Lane v. District of Columbia.hereford v. District of Columbia, 182 F.2d 105 (D.C. Cir. 1950)Annotate this Case
Decided April 17, 1950
Mr. Robert S. Moss, Washington, D. C., with whom Mr. K. Robert Hahn, Washington, D. C., was on the brief, for petitioners.
Mr. Harry L. Walker, Assistant Corporation Counsel, D. C., Washington, D. C., with whom Mr. Vernon E. West, Corporation Counsel, D. C., Mr. Chester H. Gray, Principal Assistant Corporation Counsel, D. C., and Mr. William S. Cheatham, Assistant Corporation Counsel, D. C., Washington, D. C., were on the brief, for respondent.
Before PRETTYMAN, FAHY and BAZELON, Circuit Judges.
PRETTYMAN, Circuit Judge.
These are petitions to review decisions of the Board of Tax Appeals for the District of Columbia. The taxes are inheritance taxes. The statute provides in pertinent part as follows: "Whenever any person shall exercise a general power of appointment derived from any disposition of property, made either before or after the passage of this title, such appointment, when made, shall be deemed a transfer taxable, under the provisions of this title, in the same manner as though the property to which such appointment relates belonged absolutely to the donee of such power; and whenever any person possessing such power of appointment so derived shall omit or fail to exercise the same within the time provided therefor, in whole or in part, a transfer taxable under the provisions of this title shall be deemed to take place to the extent of such omissions or failure in the same manner as though the person or persons thereby becoming entitled to the possession or enjoyment of the property to which such power related had succeeded thereto by the will of the donee of the power failing to exercise such power, taking effect at the time of such omission or failure."1
The last half of the quoted section is applicable here.
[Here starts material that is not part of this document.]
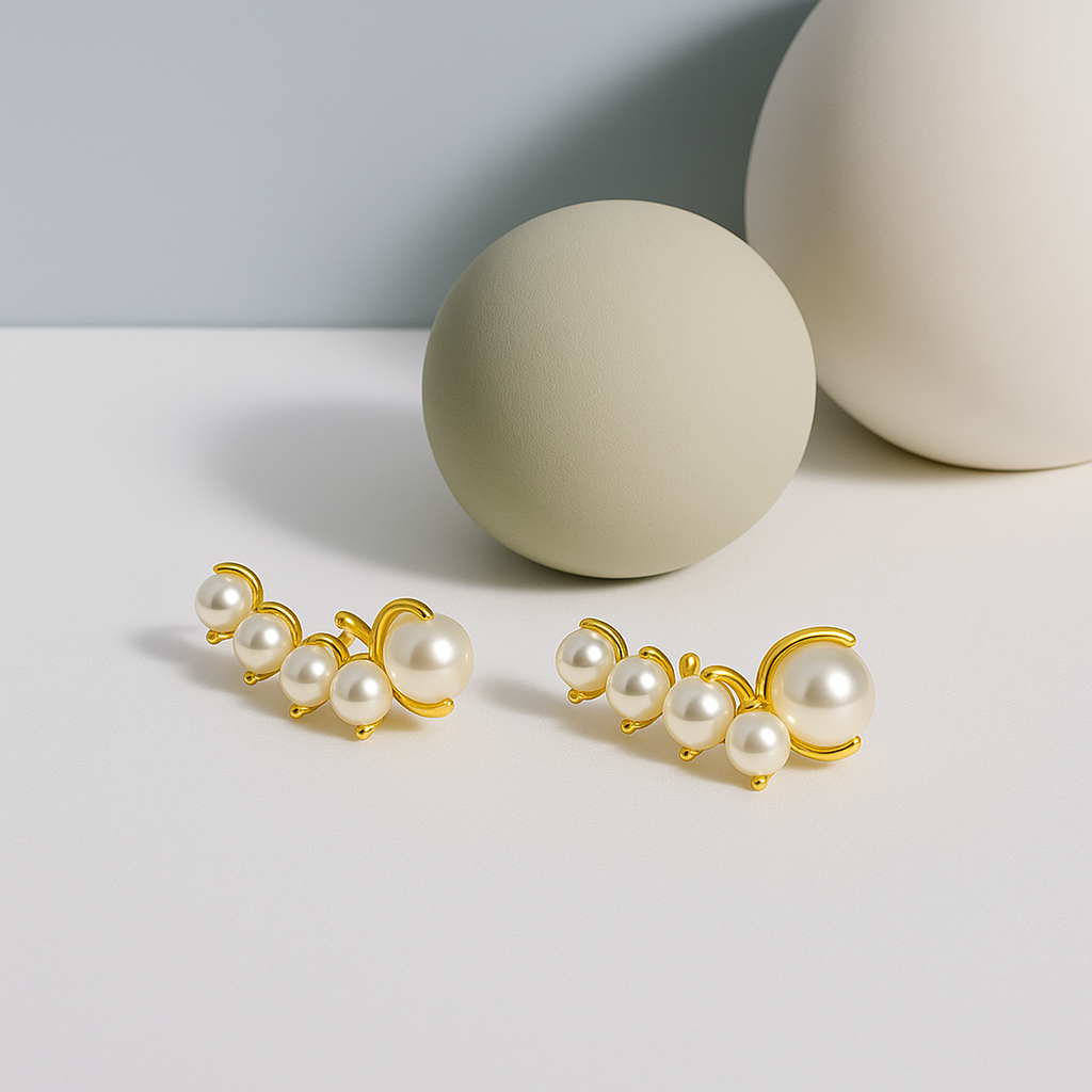 Gracefully flowing like a wave of light, the Pearl Cascade Earrings offer a modern reimagining of timeless pearls. Featuring a sculptural arc of lustrous pearls in graduated sizes, elegantly framed by sleek gold curves, these ear climbers hug the ear with both softness and structure. Feminine, refined, and bold in their simplicity — they bring quiet luxury to both everyday wear and special occasions.

Appellants are persons who became entitled to the possession or enjoyment of property by reason of the failure of their mother to exercise a power of appointment in respect to it. The mother, Sarah Elizabeth Seward (married to William F. Lane), was the donee of this power by virtue of a contract made by her father in 1919 with the Petersburg (Virginia) Savings & Trust Company. The contract provided for the establishment of a trust the income from which was to be paid to this daughter for her life, and then at her death the trustee was:
"* * * to pay the principal of the trust estate hereby created to such person or persons as the said Sarah Elizabeth Seward may by her will direct. It being expressly understood that the said Sarah Elizabeth Seward shall not during her life, have the power to pledge, encumber, sell or otherwise dispose of any part of the principal of the trust estate, but that she may, should she so desire, dispose of the same by her will."
The question in the case is whether the power conferred upon Sarah Elizabeth Seward by the quoted provision of the contract was a general power of appointment within the meaning of the quoted provision of the local tax statute.
Petitioners say that the trust was a spendthrift trust and that the power of appointment could not be exercised in favor of donee's estate or creditors and, therefore, was not a general power. But we do not find in the contract the restriction upon which petitioners rely. During her lifetime the beneficiary received the income from the trust without restriction upon its use; but the principal was held in trust, and so she could not encumber or dispose of it even if there had been no restrictive provisions to that effect in the contract. By her will she could dispose of the principal "to such person or persons" as she might direct. Petitioners say that the expression "person or persons" is not broad enough to include creditors or donee's estate. We think it is.
A large part of the argument in this case concerned a necessary attempt by petitioners to escape the Virginia statute2 in effect when the contract was made by Mr. Seward with the bank. The effect of that then-existing law was that a spendthrift trust was invalid. In 1918 the Virginia legislature enacted a new code, in which the validity of spendthrift provisions was established,3 but the new law was by its terms not effective until January, 1920.4 The contract in the present case was executed in April, 1919. Petitioners say that the enactment in 1918 changed the public policy of the state as of that date. The point is not material in the view which we take of the case, as above expressed, but we observe that we do not see how the effective date of the statute expressly set in its terms could be ignored.